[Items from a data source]
*** Begin section ***

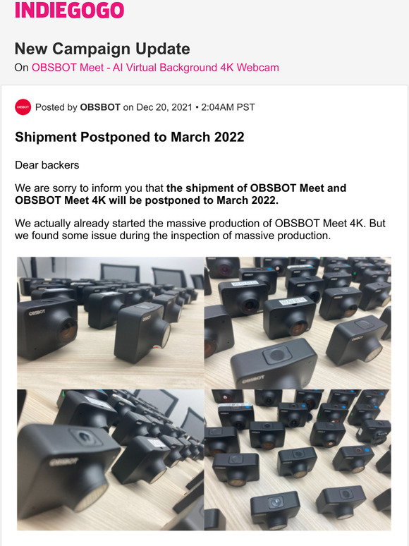 Indiegogo: Update #3 from OBSBOT Meet - AI Virtual Background 4K Webcam ...
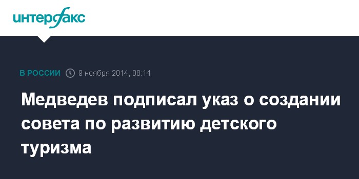 Москва. 9 ноября. INTERFAX.RU - Премьер-министр РФ Дмитрий Медведев подписал правительственное распоряжение о создании координационного совета по развитию детского туризма в России. Об этом сообщается в пресс-релизе на сайте правительства.
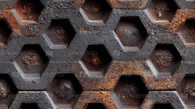 Близкий план темной, грандж и ржавой металлической плиты с шестиугольными узорами. бесшовные плитки
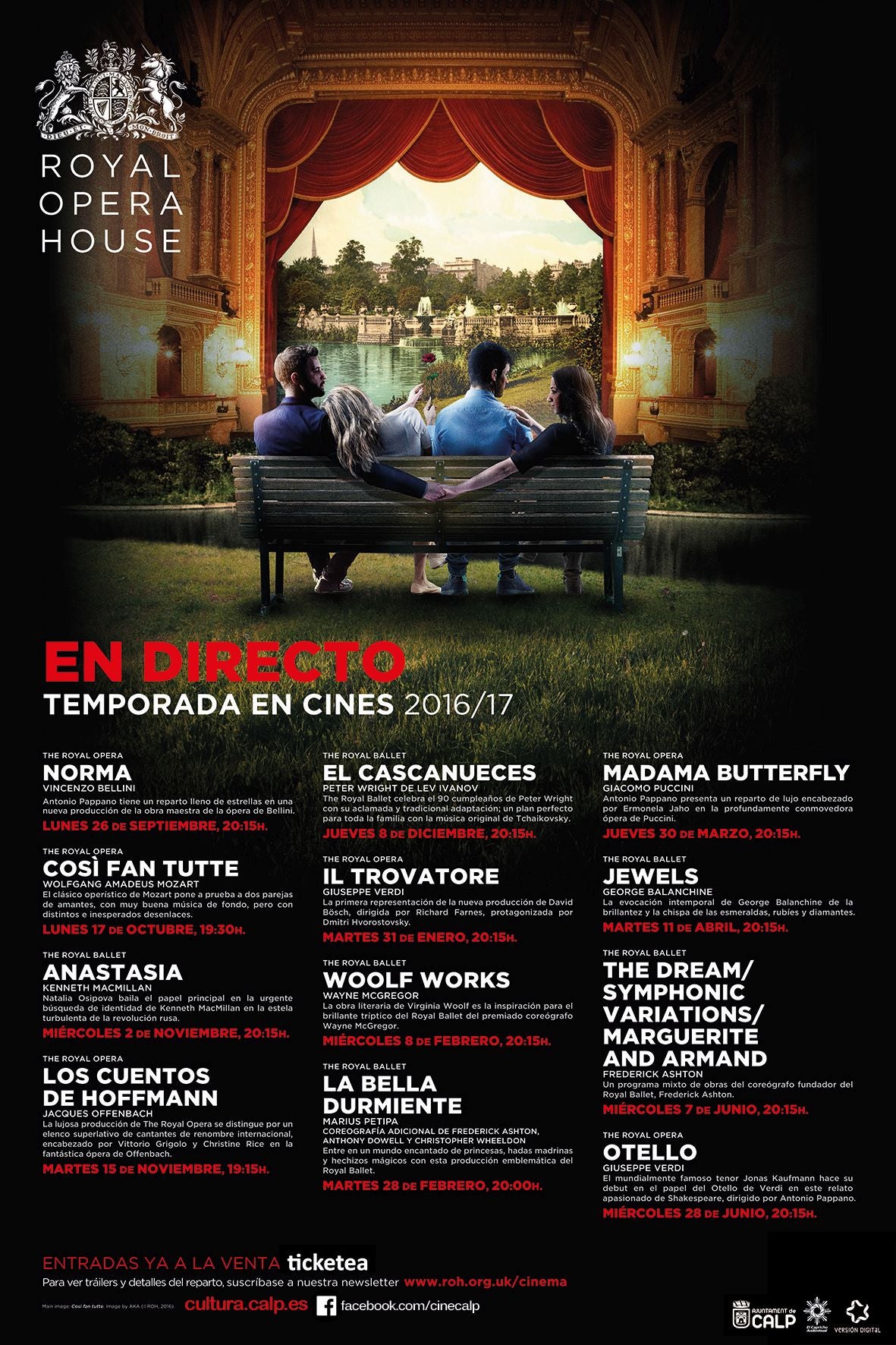 Les representacions de la Royal Opera House poden veure’s en més de 2000 sales de cine de més de 60 països. Este projecte ha fet possible que el públic de tot el món gaudisca de les representacions del Convent Garden des del seu cine més pròxim. A més cada una de les emissions està presentada per personalitats respectades de la Royal Opera House, i compta amb entrevistes exclusives i imatges de la producció.
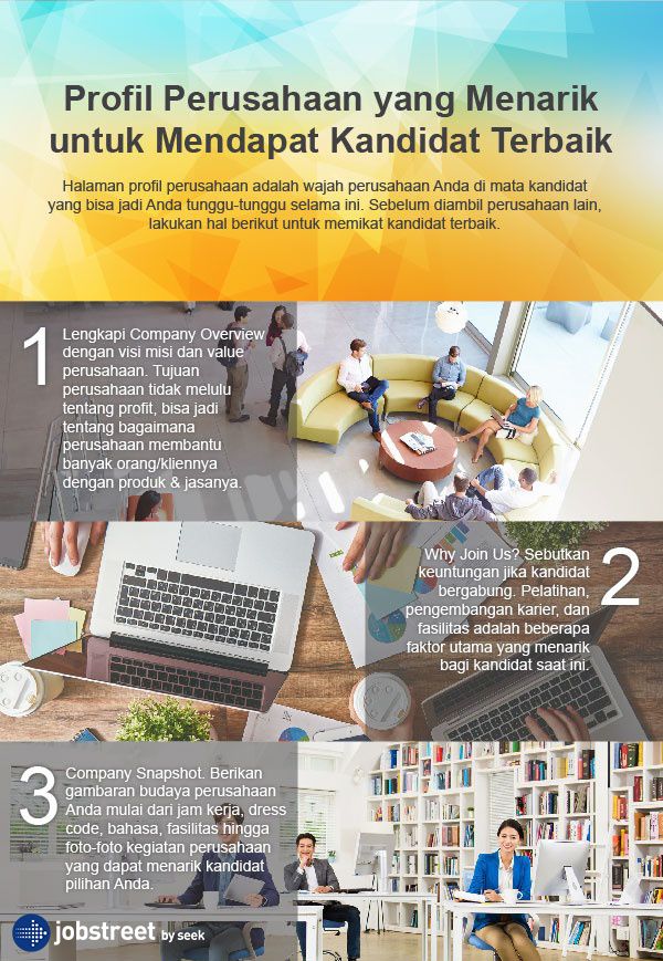 Mulai perbarui profil perusahaan Anda di Jobstreet.com dan lengkapi dengan informasi yang dapat menarik kandidat yang tepat. Jangan sampai Anda melewatkan faktor ini dan kandidat Anda beralih ke perusahaan lain. Lihat infografik di bawah ini untuk tips dan triknya.
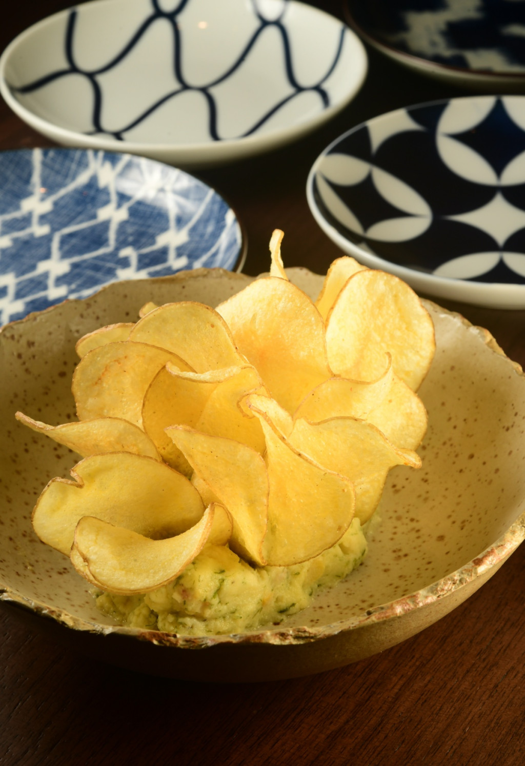 這間新日式料理店,菜單很豐富,像是日式炸雞Karaage,精挑皮脆肉嫩的雞腿肉,放入用梳打水調(diào)成的炸漿中炸至脆卜卜。佐藤順認為,以梳打水代替啤酒混合而成的炸漿,不但酥松香口,炸漿亦很薄,吃起來輕盈不膩。至于伴碟的醬汁,是傳統(tǒng)的月見汁,主要以日本醬油、雞汁熬制而成,加上一顆用醬油略為浸制的雞蛋黃,拌勻蛋黃上的七味粉,令雞塊入口鮮美惹味。
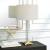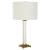 Clean Lines Define This Simplistic Design Featuring An Upscale Square Column Crystal Base Paired with Antique Brass Plated Details. The Square Shapes of The Base Switch to A Petite Round Neck, Finial and Drum Shade in A Crisp White Linen Fabric.
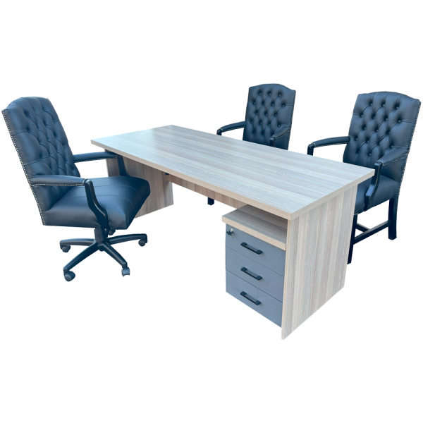 This 5 Piece Office Set Special Aged Oak includes an IQ desk 1800, an Empire executive black genuine leather button chair, 2 Empire black genuine leather arm chairs and Mobile pedestal providing a complete and stylish solution for any office or workspace.
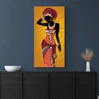 Ce Tableau Africain Orange frappe par sa couleur orange vive en fond et par ses lignes nettes. On voit une silhouette de profil, de couleur noire, un grand turban rayé sur la tête, et un collier de perles blanches autour du cou. Des motifs géométriques blancs et noirs décorent la tunique, avec des traits fins qui rythment la composition. Le contraste entre l’orange et le noir crée une énergie simple et directe. On ressent une présence forte, presque une petite fierté, oui, c’est marqué.
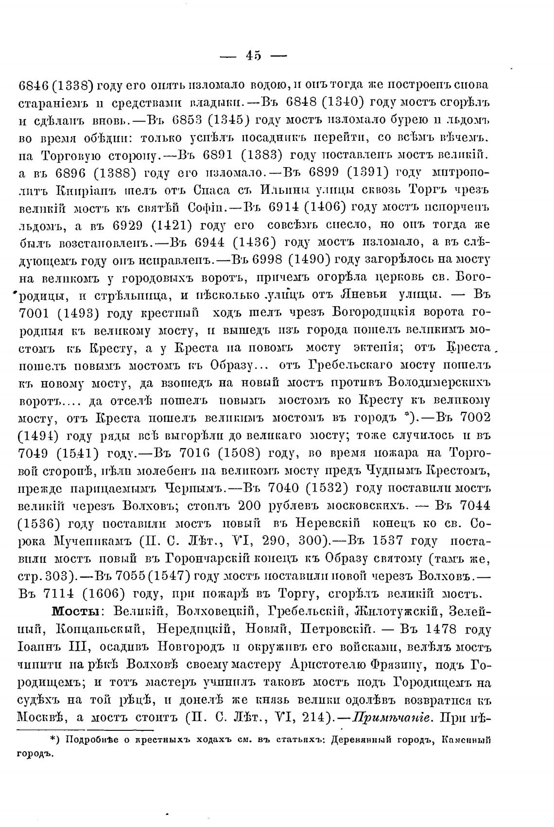 мосту, отъ Креста пошелъ великимъ мостом'ь въ городь *).—В'ь 7002
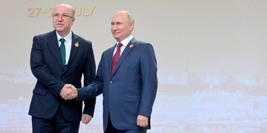 حضر الوزير الأول, السيد أيمن بن عبد الرحمان, الذي يمثل رئيس الجمهورية, السيد عبد المجيد تبون, في قمة روسيا-افريقيا و منتداها الاقتصادي و الإنساني, بسانت بطرسبرغ (روسيا) حفل الاستقبال الذي خص به الرئيس الروسي فلاديمير بوتين, مساء يوم الخميس, رؤساء وفود الدول المشاركة.

*** End section ***

● To do:
Pictures are to be left out; the lines from the start of the records above through the line holding "Clean Lines Define" are to be returned exactly.

● Exercise output:
 Indiegogo: Update #3 from OBSBOT Meet - AI Virtual Background 4K Webcam ...
 Москва. 9 ноября. INTERFAX.RU - Премьер-министр РФ Дмитрий Медведев подписал правительственное распоряжение о создании координационного совета по развитию детского туризма в России. Об этом сообщается в пресс-релизе на сайте правительства.
 Близкий план темной, грандж и ржавой металлической плиты с шестиугольными узорами. бесшовные плитки
 Les representacions de la Royal Opera House poden veure’s en més de 2000 sales de cine de més de 60 països. Este projecte ha fet possible que el públic de tot el món gaudisca de les representacions del Convent Garden des del seu cine més pròxim. A més cada una de les emissions està presentada per personalitats respectades de la Royal Opera House, i compta amb entrevistes exclusives i imatges de la producció.
 Mulai perbarui profil perusahaan Anda di Jobstreet.com dan lengkapi dengan informasi yang dapat menarik kandidat yang tepat. Jangan sampai Anda melewatkan faktor ini dan kandidat Anda beralih ke perusahaan lain. Lihat infografik di bawah ini untuk tips dan triknya.
 這間新日式料理店,菜單很豐富,像是日式炸雞Karaage,精挑皮脆肉嫩的雞腿肉,放入用梳打水調(diào)成的炸漿中炸至脆卜卜。佐藤順認為,以梳打水代替啤酒混合而成的炸漿,不但酥松香口,炸漿亦很薄,吃起來輕盈不膩。至于伴碟的醬汁,是傳統(tǒng)的月見汁,主要以日本醬油、雞汁熬制而成,加上一顆用醬油略為浸制的雞蛋黃,拌勻蛋黃上的七味粉,令雞塊入口鮮美惹味。
 Clean Lines Define This Simplistic Design Featuring An Upscale Square Column Crystal Base Paired with Antique Brass Plated Details. The Square Shapes of The Base Switch to A Petite Round Neck, Finial and Drum Shade in A Crisp White Linen Fabric.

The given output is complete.